## INSTRUCTIONS TO FOLLOW:
In the material below, find the line containing "Con grande attenzione" and the line containing "Sub bagheta apreciatului". Output those two lines and all lines between them exactly, without pictures.

## DATA PROVIDED:
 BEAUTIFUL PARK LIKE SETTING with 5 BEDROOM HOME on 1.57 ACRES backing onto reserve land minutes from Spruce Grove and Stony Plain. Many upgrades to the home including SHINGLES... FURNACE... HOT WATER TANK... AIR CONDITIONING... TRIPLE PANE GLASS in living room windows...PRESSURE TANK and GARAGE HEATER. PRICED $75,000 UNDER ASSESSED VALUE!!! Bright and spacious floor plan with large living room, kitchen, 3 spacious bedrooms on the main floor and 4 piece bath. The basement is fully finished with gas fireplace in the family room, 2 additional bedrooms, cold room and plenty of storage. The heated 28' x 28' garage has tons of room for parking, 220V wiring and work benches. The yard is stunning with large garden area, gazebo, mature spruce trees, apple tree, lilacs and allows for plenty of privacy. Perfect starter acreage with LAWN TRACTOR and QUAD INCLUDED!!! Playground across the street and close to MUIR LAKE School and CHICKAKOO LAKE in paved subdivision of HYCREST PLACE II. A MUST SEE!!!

* * *

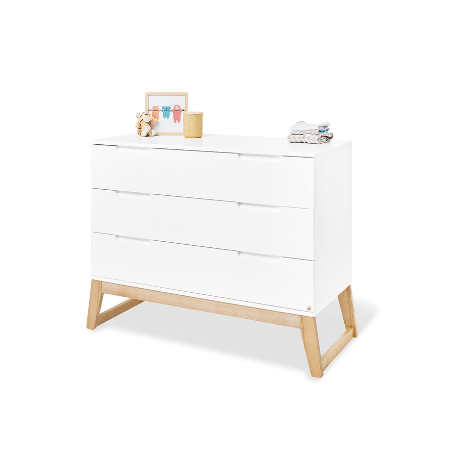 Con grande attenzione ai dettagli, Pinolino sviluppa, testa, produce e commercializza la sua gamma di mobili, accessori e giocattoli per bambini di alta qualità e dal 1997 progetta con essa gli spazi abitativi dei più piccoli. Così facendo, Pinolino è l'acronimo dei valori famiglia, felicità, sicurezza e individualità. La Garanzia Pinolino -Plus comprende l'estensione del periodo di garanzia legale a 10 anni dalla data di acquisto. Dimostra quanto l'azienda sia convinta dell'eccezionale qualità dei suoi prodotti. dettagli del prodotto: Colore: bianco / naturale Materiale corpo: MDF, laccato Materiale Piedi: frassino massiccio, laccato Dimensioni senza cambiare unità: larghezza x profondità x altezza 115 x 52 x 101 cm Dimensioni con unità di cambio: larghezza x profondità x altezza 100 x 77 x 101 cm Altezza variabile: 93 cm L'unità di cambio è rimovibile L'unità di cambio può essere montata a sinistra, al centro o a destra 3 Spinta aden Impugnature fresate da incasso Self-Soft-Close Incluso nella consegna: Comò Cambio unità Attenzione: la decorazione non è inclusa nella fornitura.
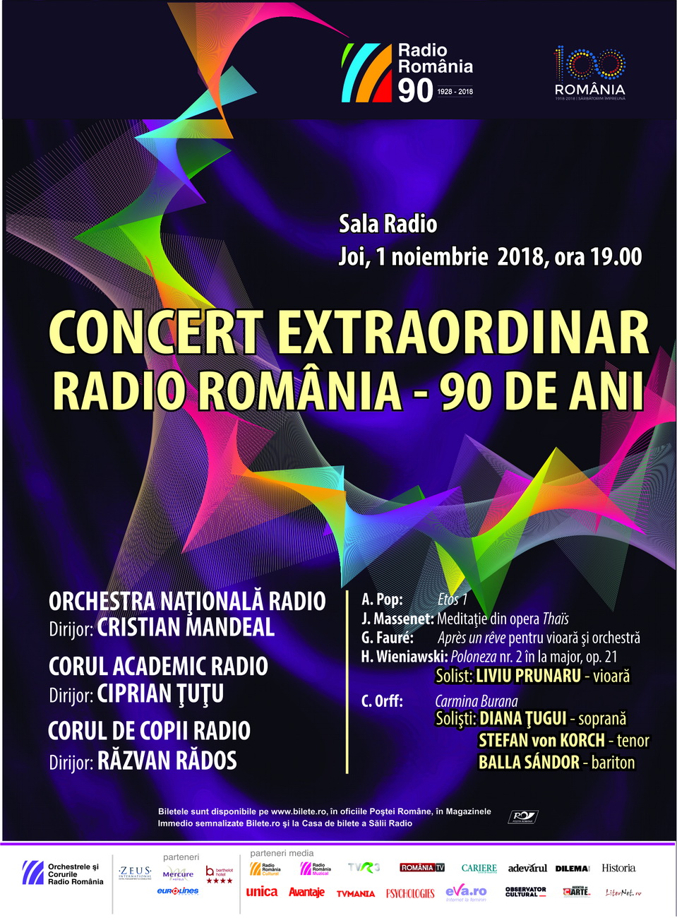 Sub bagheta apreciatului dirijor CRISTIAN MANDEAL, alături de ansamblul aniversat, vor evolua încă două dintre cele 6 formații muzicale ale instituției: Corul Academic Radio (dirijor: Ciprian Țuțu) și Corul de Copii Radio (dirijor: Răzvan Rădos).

## EXERCISE OUTPUT:
 Con grande attenzione ai dettagli, Pinolino sviluppa, testa, produce e commercializza la sua gamma di mobili, accessori e giocattoli per bambini di alta qualità e dal 1997 progetta con essa gli spazi abitativi dei più piccoli. Così facendo, Pinolino è l'acronimo dei valori famiglia, felicità, sicurezza e individualità. La Garanzia Pinolino -Plus comprende l'estensione del periodo di garanzia legale a 10 anni dalla data di acquisto. Dimostra quanto l'azienda sia convinta dell'eccezionale qualità dei suoi prodotti. dettagli del prodotto: Colore: bianco / naturale Materiale corpo: MDF, laccato Materiale Piedi: frassino massiccio, laccato Dimensioni senza cambiare unità: larghezza x profondità x altezza 115 x 52 x 101 cm Dimensioni con unità di cambio: larghezza x profondità x altezza 100 x 77 x 101 cm Altezza variabile: 93 cm L'unità di cambio è rimovibile L'unità di cambio può essere montata a sinistra, al centro o a destra 3 Spinta aden Impugnature fresate da incasso Self-Soft-Close Incluso nella consegna: Comò Cambio unità Attenzione: la decorazione non è inclusa nella fornitura.
 Sub bagheta apreciatului dirijor CRISTIAN MANDEAL, alături de ansamblul aniversat, vor evolua încă două dintre cele 6 formații muzicale ale instituției: Corul Academic Radio (dirijor: Ciprian Țuțu) și Corul de Copii Radio (dirijor: Răzvan Rădos).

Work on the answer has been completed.